Japanese-bred Thoroughbred racehorse

Narita Brian (ナリタブライアン, Hepburn: Narita Buraian; May 3, 1991 – September 27, 1998) was a Japanese Thoroughbred racehorse and sire. Until Special Week surpassed him in 1999, Narita Brian was Japan's top money earner. He was the fifth colt to win the Japanese Triple Crown in 1994, and also won the Arima Kinen in the same year. Narita Brian was nicknamed the "shadow roll monster" because he wore a shadow roll while racing.

He debuted in August 1993 and, from November of that year until March 1995, achieved five consecutive GI wins, including the Classic Triple Crown, and placed in the top two in 10 consecutive races. He was awarded the 1993 JRA Award for Best Three-Year-Old Colt and was chosen as the 1994 JRA Horse of the Year as well as Best Four-Year-Old Colt. (Note: Until 2000, Japanese racehorses were one year old at the time at the time of birth. The old name is used for each award.)

After developing a hip joint disease in the spring of 1995, his performance declined, winning only one graded race in six starts (with no GI victories in five starts). However, he drew fan attention with the match race against Mayano Top Gun at the 44th Hanshin Daishoten and by running in short-distance races such as the 26th Takamatsunomiya Kinen. Following tendonitis that developed after running in the Takamatsunomiya Kinen, he was retired from racing in October 1996. He became a sire after retirement, but in September 1998, he suffered a stomach rupture and was euthanized.

==Background==

Narita Brian was born on May 3, 1991, at Hayata Ranch in Niikappu Town, Hokkaido. His father, Brian's Time, was a stallion imported from the United States and centred on Hayata Ranch. He was the fifth foal from Pacificus, a daughter of Kentucky Derby winner Northern Dancer. A year before his birth, Pacificus had foaled Narita Brian's half-brother Biwa Hayahide.
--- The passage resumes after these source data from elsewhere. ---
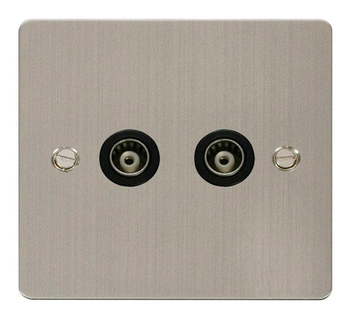 Click Define FPSS159BK Flat Plate Twin Co-Axial Outlet (Isolated) - Stainless Steel (Black)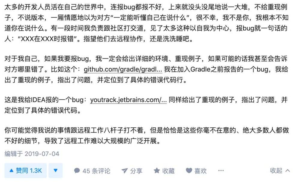 对于远程办公的沟通效率问题,在互联网初创公司工作的知乎用户blindpirate给出了一个新的思考角度。Blindpriate所在的公司从创始至今已经坚持了十年的全员远程办公 。他认为远程办公在技术上没有问题,沟通效率的低下本质上是许多人缺少“一句话将一件事情说清楚“的沟通素质,对这种能力的忽视在远程办公的工作模式中显露无疑。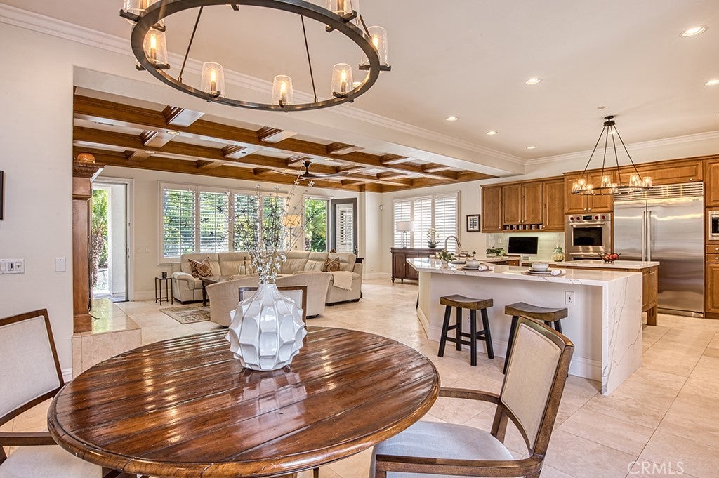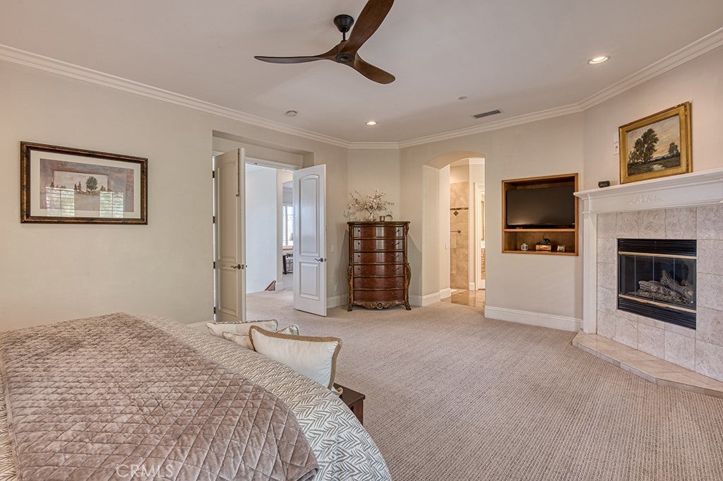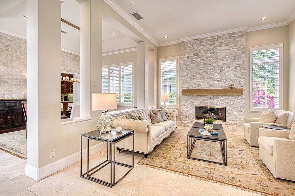 Beautifully upgraded and thoughtfully designed, this semi-custom Private Collection Coto de Caza residence is ideally situated on an expansive, private cul-de-sac 13,000 sq. ft. lot. This property features a spacious open-concept floor plan filled with natural light, complemented by soaring 10-foot ceilings, crown molding, plantation shutters, and 8-foot solid core doors throughout. Upon entering the home, you'll be amazed by the soaring ceilings that showcase a stunning entryway that leads you to the formal living and dining room. At the heart of the home, double glass French doors open to an inviting central courtyard with a fireplace, seamlessly connecting to the main living spaces, including the main level office/bedroom. The beautiful gourmet kitchen showcases quartz countertops, tile backsplash, high-end stainless steel appliances including double ovens and dual dishwashers, a walk-in pantry, and a butler’s pantry—perfectly suited for everyday living and entertaining alike. The adjacent family room sits just off the kitchen and serves as a welcoming gathering space, highlighted by rich coffered ceilings and a beautifully appointed fireplace that adds warmth and architectural character—perfect for both everyday living and entertaining. An additional main level bedroom and bathroom offers a great space for guests or in-laws to retreat to. Upstairs, the expansive primary suite with a spa-like bath features a fireplace and private balcony, and two additional secondary bedrooms feature their own en-suite and mirrored closets. A generous bonus room provides the option for a sixth bedroom, media room, or home theater. Furthermore, a loft provides a great space for an office nook or place for children to do school work. The backyard is an entertainer’s haven, complete with a PebbleTec pool and spa, BBQ center, and abundant seating areas designed for gatherings and relaxation. Additional highlights include owned solar, a fully repiped plumbing system, a four-car garage, and a gated driveway with ample space for additional parking or recreation. Experience the best of Coto de Caza, where premier living meets award-winning schools, a world-class Golf & Racquet Club, scenic sports parks, and easy access to hiking, biking, and equestrian trails. No mello roos and low tax-rate.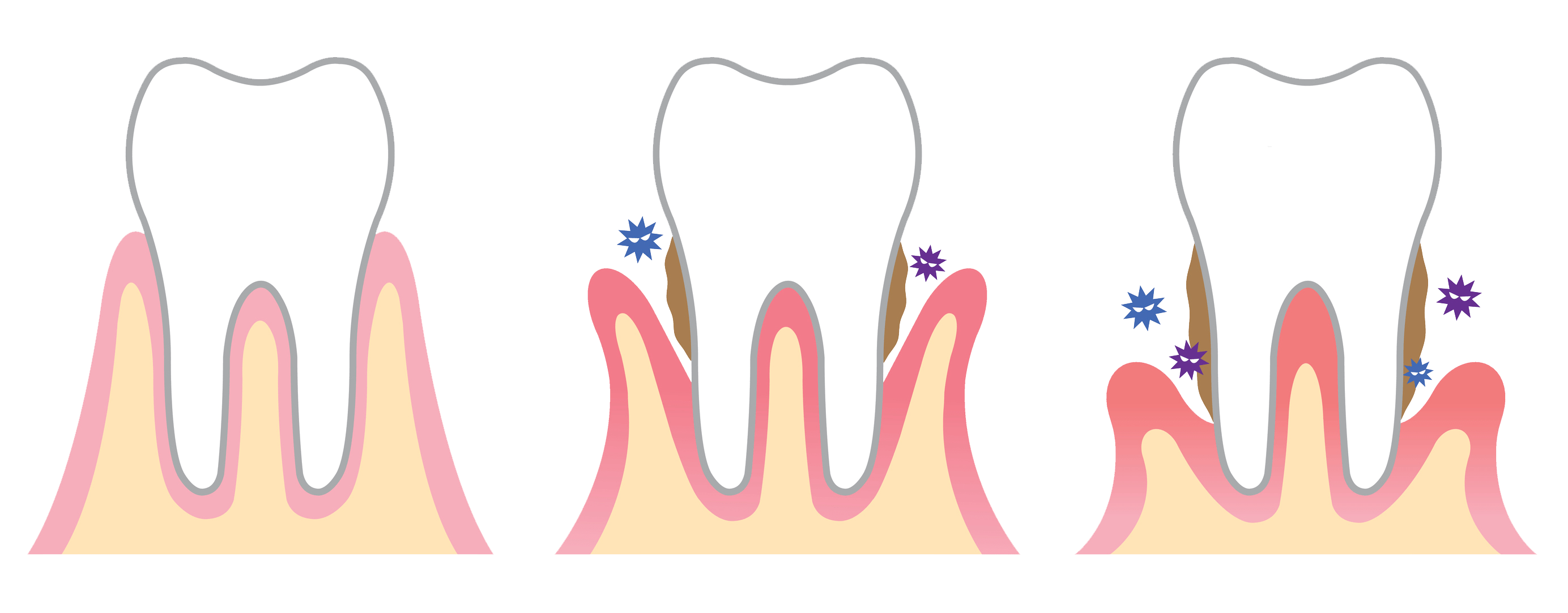 If left untreated, the gum becomes detached from the tooth enamel, exposing the root and forming a pocket between gum and tooth which fills with plaque. Over time, the pocket becomes deeper and the inflammation reaches the bone, which is slowly destroyed. The affected tooth becomes loose and may even fall out. This is known as periodontitis.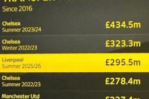 ??英超轉(zhuǎn)會(huì)窗砸錢榜單:切爾西4.35億英鎊排名第一(自2016年以來)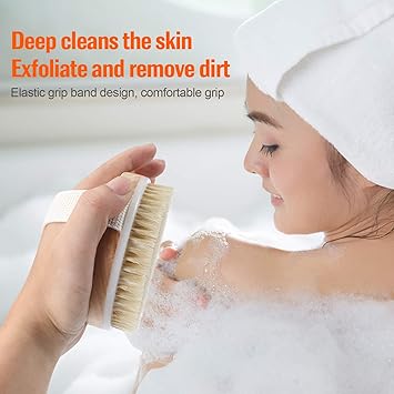 Body Bath Brush for Wet or Dry Brushing,Round Exfoliating Brush,Gentle Massage Nodes,Natural Bristles Improves Lymphatic Functions, Exfoliates, Stimulates Blood Circulation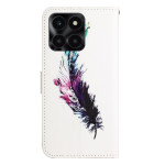 Tutustu tähän tyylikkääseen läppäkoteloon, jossa on höyhenenkuvioinen 3D-tulostus Honor X6c 4G / X6b 4G / X6a 4G -puhelimelle. Käytännöllinen lompakkomuotoilu, jossa on integroitu jalusta, turvallinen magneettisuljenta ja irrotettava käsihihna.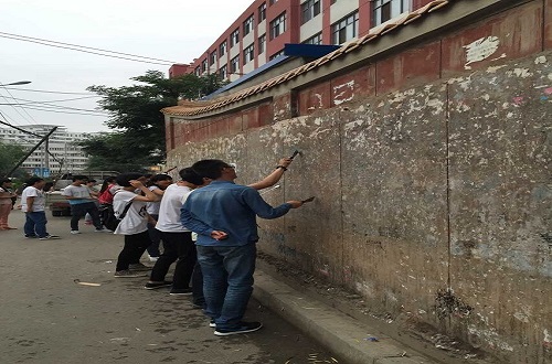 7月3日下午,我系150余名党员、预备党员来到校门外“三包责任区”进行“校园卫生清理党员在行动”第二场教育实践活动。活动中我系党员、预备党员利用铲刀等工具认真清理了学院校门外围墙上的各类广告等张贴物,并且清理了校门外的环境卫生,历时近一个小时圆满完成了实践任务。活动结束后,面对自己的劳动成果广大党员真正感受到了劳动的快乐。一些同志表示,以前路过时看见贴满广告的围墙感觉很影响心情、影响学校形象,同时也在心里暗暗谴责那些张贴的人没有道德,破坏了美丽的校园环境,但是从来没有意识到去把它撕掉或者遇见时劝阻他们别贴,经过本次教育实践活动以后我们一定会爱惜我们的陇桥家园,主动承担起党员责任。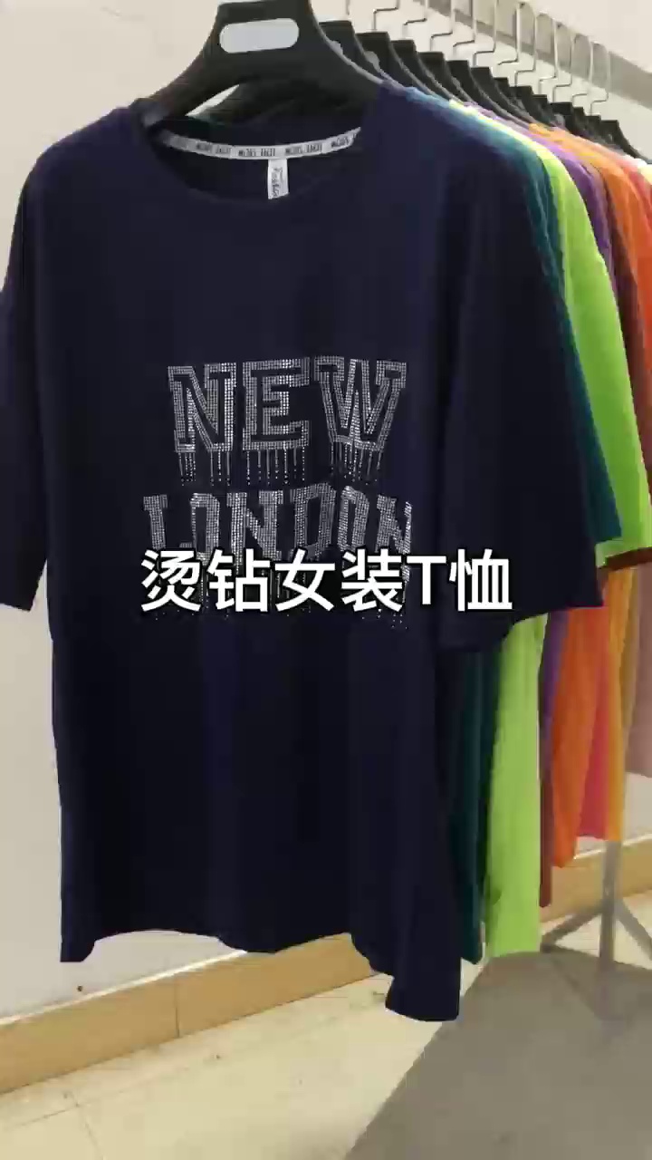 纯棉重工烫钻大版女式短袖T恤夏季新款宽松大码女装短袖上衣服
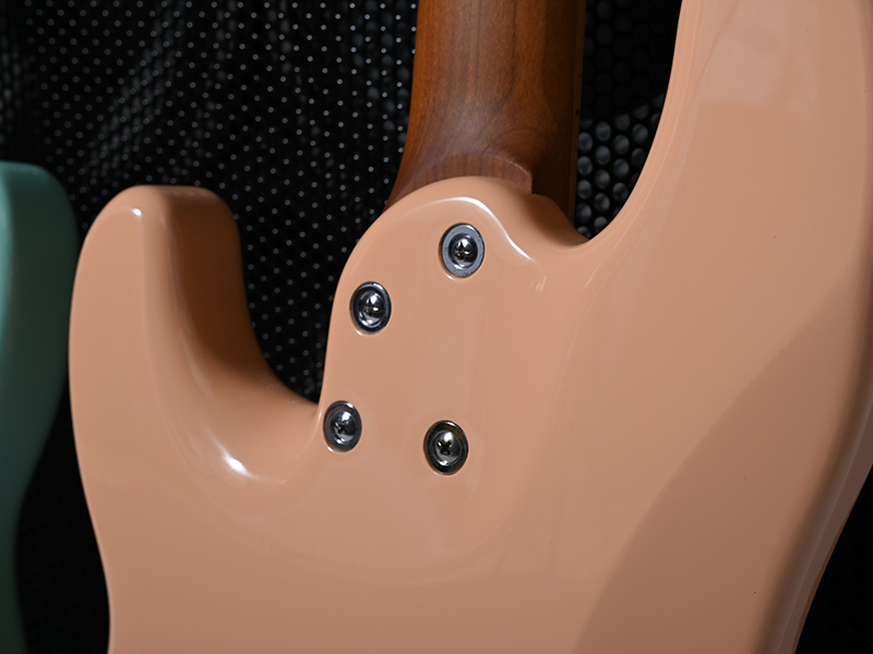 エントリークラスのモデルには珍しいヒールレスカットを採用することで、ハイフレットの演奏時もスムーズなフィンガリングを可能に。ブッシュボルト部分にわずかに施したコンター加工がプレイアビリティを高めます。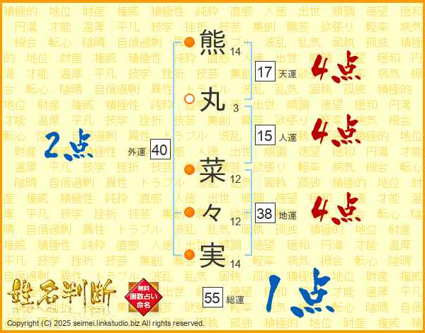 熊(14画)丸(3画) 菜(12画)々(12画)実(14画)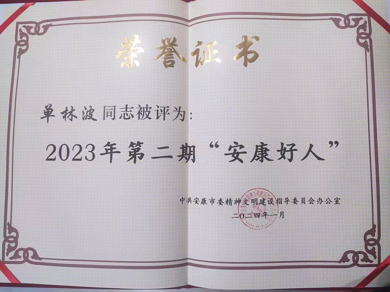 近日,安康市委文明办发布2023年第二期“安康好人”榜单,共评出33人(组),ac米兰单林波同志被命名为敬业奉献类“安康好人”。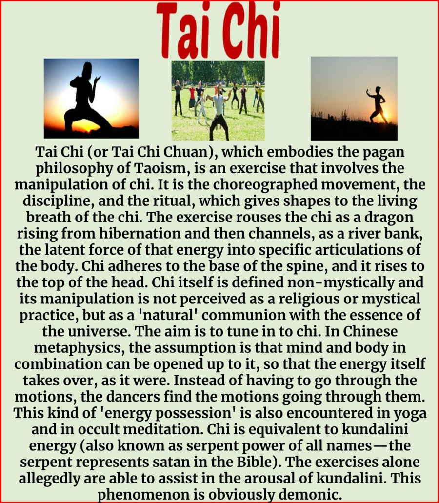 "Tai Chi (or Tai Chi Chuan), which embodies the pagan philosophy of Taoism, is an exercise that involves the manipulation of chi. It is the choreographed movement, the discipline, and the ritual, which gives shapes to the living breath of the chi. The exercise rouses the chi as a dragon rising from hibernation and then …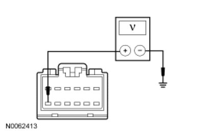 - Measure the voltage between the FDIM C2123-12, circuit SBP39 (WH/RD), harness side and ground.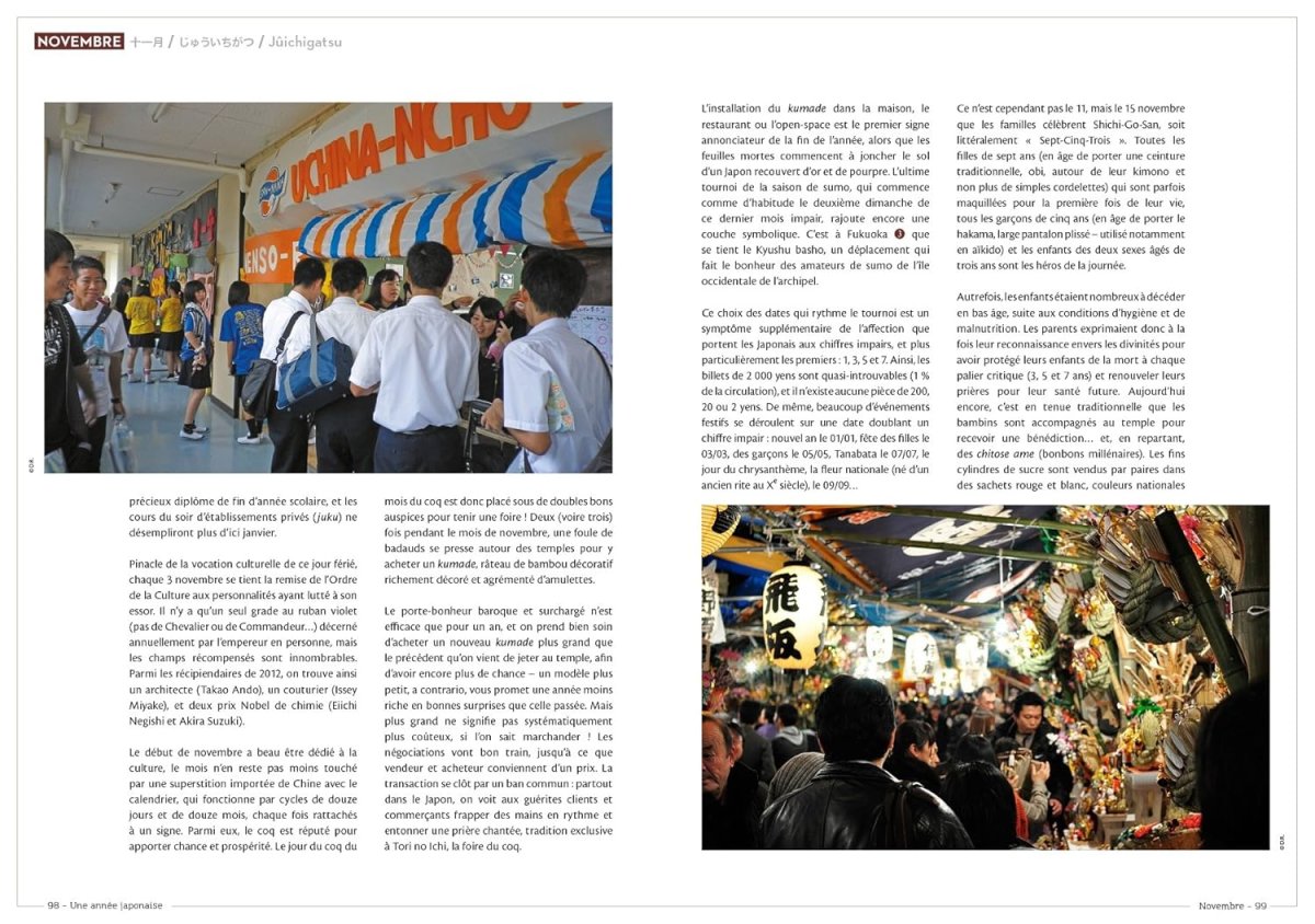 Les lecteurs curieux y trouveront les clés pour saisir les habitudes nippones et décrypter les codes d’un pays encore énigmatique, et les futurs touristes y dénicheront les conseils d’un compagnon idéal pour optimiser leur séjour au Japon en fonction du mois de leur voyage. Quand la rentrée des classes a-t-elle lieu ? Quand a lieu la fête nationale ? Comment se déroulent des "classiques occidentaux" comme Noël ou la Saint-Valentin au pays du Soleil-Levant ? Quels sont les plats de saison, les tournois sportifs annuels incontournables ? Quels sont les festivals culturels à ne pas manquer ? Autant de questions qui trouveront leurs réponses dans Une année japonaise, un livre permettant de s’immerger complètement dans les événements qui ponctuent la vie des Japonais.

According to Hayata Ranch manager Ota Mie, Narita Brian did not stand out at first as a foal. However, his physical abilities were gradually appreciated by the staff who trained him. The staff member in charge of training at Hayata Ranch, Miyoshi Kiura, said he believed Narita Brian had a quality that surpassed his half-brother Biwa Hayahide in terms of suppleness and agility. Despite his potential, it was shown that he had a timid temperament. For example, during a training session, he was startled by a puddle and threw his rider off of his back.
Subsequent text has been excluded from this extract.